Jenna and I will have our show, Positive: HIV/AIDS in Uganda, on display at Haverford College from Thursday, October 23-Sunday, November 23rd. We're really excited to share our work and to bring attention to issues (poverty, public safety, child welfare) that affect Uganda and much of Africa as a result of the HIV/AIDS epidemic. I'll post some scans of my prints when I have them made. More news on the show as it approaches...
* (For some reason, whenever I rent a car, the rental people always want to give me something flashy. I don't really care what I drive; I just want it to be subtle! Don't know why but it makes me really uncomfortable to stand out on the road. Last fall I got a red Chevy Cobalt and the bright cherry color alone made me uneasy! This week I got a Chrystler Sebring convertible. The woman at the Budget counter at the airport seemed really excited to give it to me so I smiled and pretended to think it was awesome. But as I drove away in my rented convertible with Pat Benetar's "We Belong" on the radio (seriously), I felt really cheesy.

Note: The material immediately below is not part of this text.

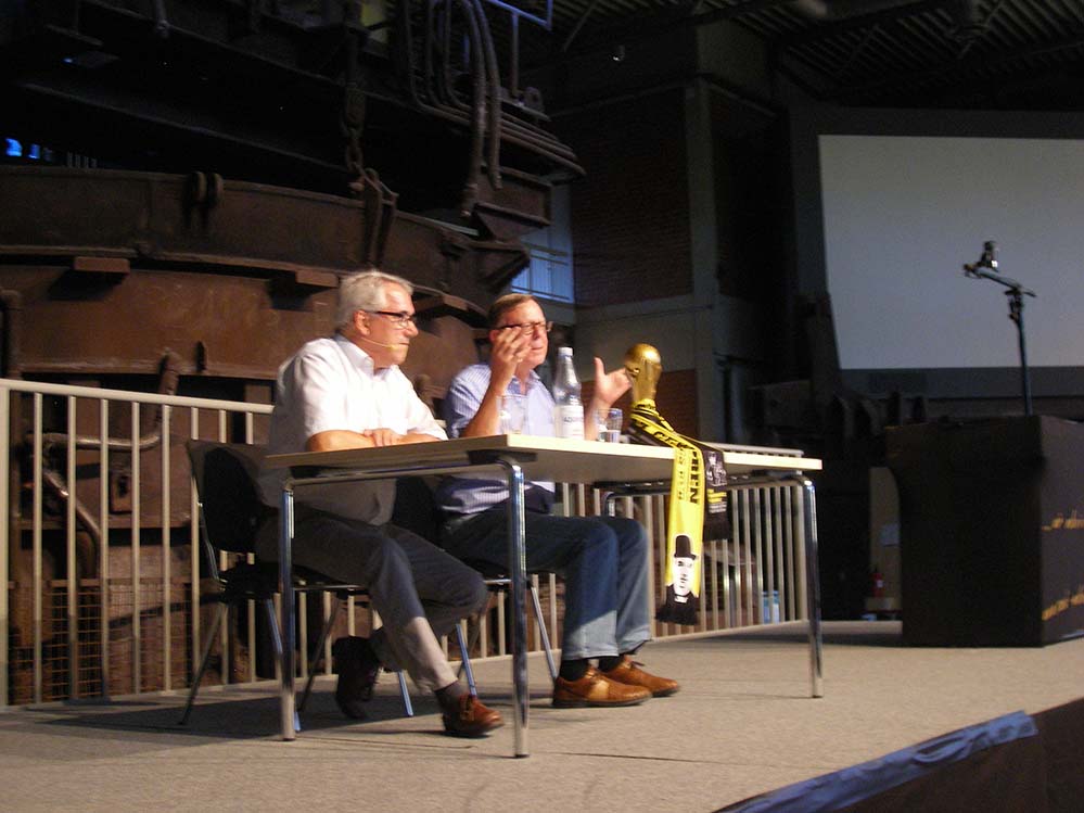 Humorvoll ging es auch in der großen Stahlhalle zu. Hier trat am frühen Abend zunächst Gerd Kolbe mit einer Lesung aus seinem Buch „Die magische 6 des BVB“ auf. Unterstützt wurde der renommierte BVB-Archivar vom ehemaligen Chef des Museums für Kunst- und Kulturgeschichte in Dortmund, Wolfgang E. Weick. Gemeinsam klärten sie das zunächst recht verhaltene Publikum sowohl humorvoll als auch informativ über die lange Geschichte des BVB auf.

One afternoon in Rockport, in a moment of sheer curiosity, I hit the "eject" button, the one that makes the roof open up and fold back. I wasn't thinking, though, and I pressed the button at a stop light. Just as the mechanism started humming and clicking and detaching, with the roof opening up to the sunshine, the light turned green. I drove slowly across the intersection with the roof frozen in mid-swing, sticking waaaay up in the air, half open and catching the wind. I felt so completely exposed in my idiocy. It was like those awful, long seconds, with your arms caught over your head, waiting for the shop girl to come into the fitting room and unzip the dress that is stuck on your shoulders. I pulled over as soon as I could and put the roof back down where it belonged. So much for being subtle).